FBLD by Protein Local Similarity
One of my more recent papers, based on research and software development undertaken at MEDIT SA, has just gone to press. Entitled “Computational Fragment-Based Approach at PDB Scale by Protein Local Similarity” it can be found in the Journal of Chemical Information and Modeling.
In a nutshell, this paper explores extensions to our MED-SuMo technology for Fragment-Based Lead Discovery (FBLD). It provides the results for two simple but representative drug design case studies. A third, more significant, case study will be covered in a separate paper that is currently under revision.
This paper, as is often the case with those written in commercial environments, has acquired a lot of authors!
- Fabrice Moriaud, Olivia Doppelt-Azeroual, Laetitia Martin, Ksenia Oguievetskaia, Kerstin Koch, Artem Vorotyntsev, Stewart A. Adcock and Francois Delfaud
At least in this case, I could point to a specific contribution from each author, rather than having a collection of managers, and their managers, who might have proof-read the first draft.
In the paper, we define an object that describes the structure of a chemical fragment coupled with the MED-SuMo representation of its protein-bound environment, the MED-Portion. A database of these MED-Portions corresponding to the entire set of ligands seen in the Protein Data Bank (PDB), a repository of publicly available macromolecular structures, is mined using the MED-SuMo technology. MED-SuMo is based on an exceptionally rapid and precise search procedure for locating protein surface patches according to their putative chemical interactions. A MED-SuMo search is not dissimilar to a pharmacophore screen, but instead applied to known protein surfaces. The collated MED-Portions populate the target binding side, and their corresponding chemical fragments are applied to a de novo design procedure. In the paper, this step is performed via a procedure that resembles the BREED algorithm for generating hybrid molecules from sets of molecule aligned in a binding site. There are a number of alternative methods that we could apply, although none of those as described in this paper. Our hybridisation, filtering and analysis tools, including those used for this work, are packaged in a cheminformatic tool named MED-Hybridise.
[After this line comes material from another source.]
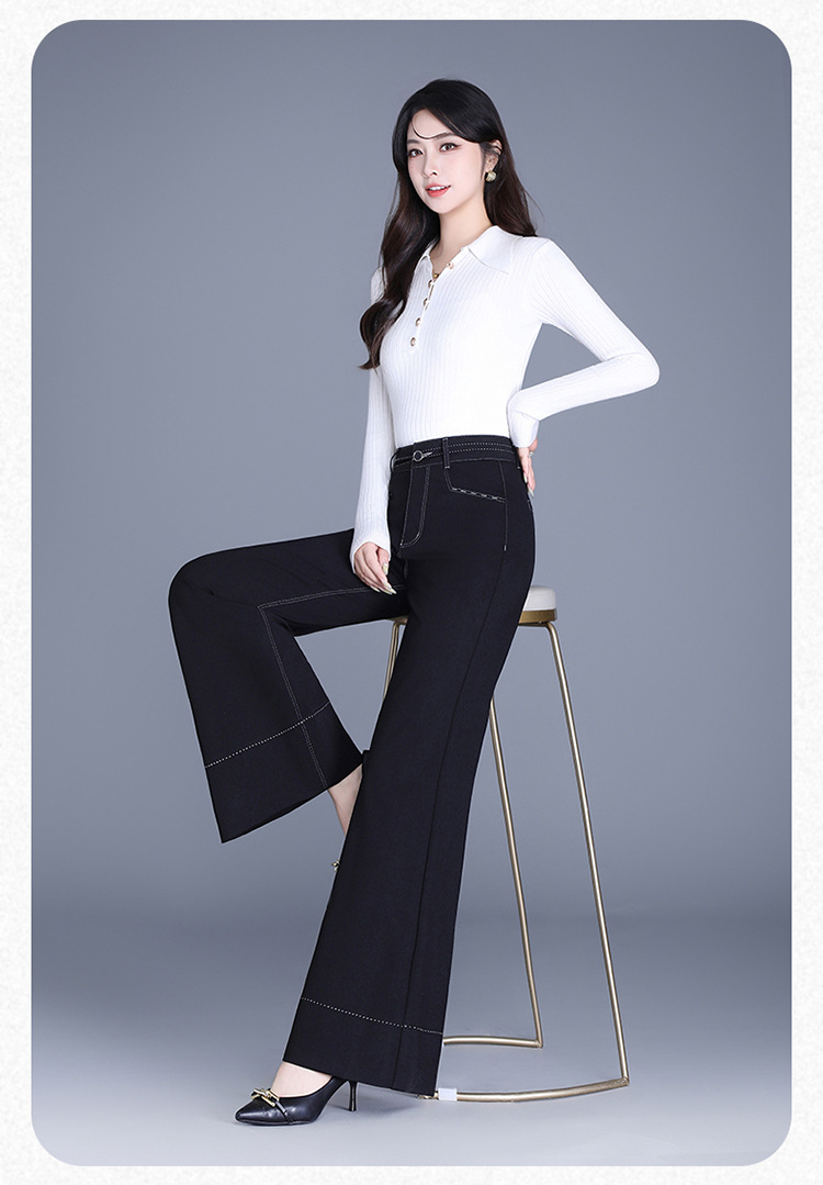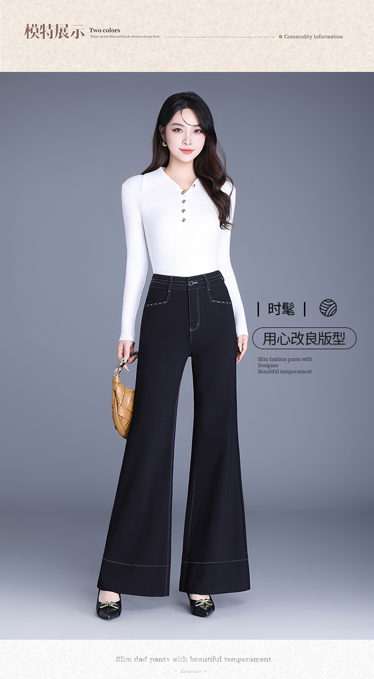 QYM 9848-Y高腰筒喇叭裤阔腿裤宽松休闲大码裤 商品图4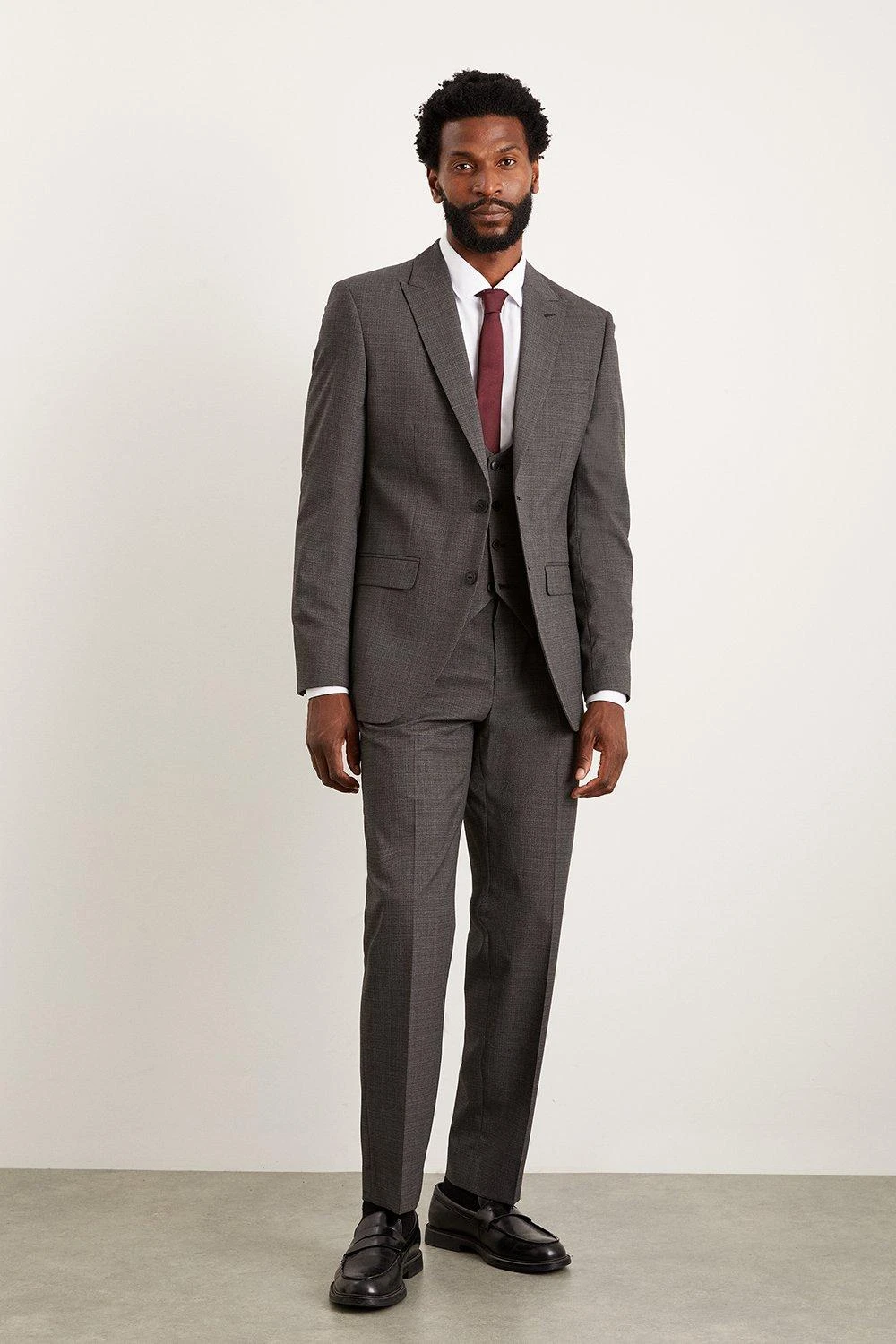 Woven in a discreet check pattern for extra versatility, this tailored jacket features a notch lapel, flap pockets at the hip and a rear centre vent to ensure a comfortable yet flattering fit. Style it with a bright-hued tie for a day wedding, a darker tone one for an evening event or with solid black accessories for a more sober occasion.Style: Tailored Fit Charcoal Suit JacketLength: Approx. 74CMFit: TailoredIdeal for: Smart

This MED-Portions/MED-SuMo/MED-Hybridise protocol was applied to a Protein Kinase (as that seems to be the default system for demonstrating drug-discovery procedures) and a G-Protein Coupled Receptor (as those are the single most valuable drug targets to date, and they have historically posed intractable problems for structure-based drug design methods, as minimal structural data was available.). In both cases we retrieve known active molecules, proving that at least at some level the procedure gives relevant structures. We also generate novel molecules, presented in their predicted docked posses, that we postulate would also be active. These would be ideal starting points for further rational drug design.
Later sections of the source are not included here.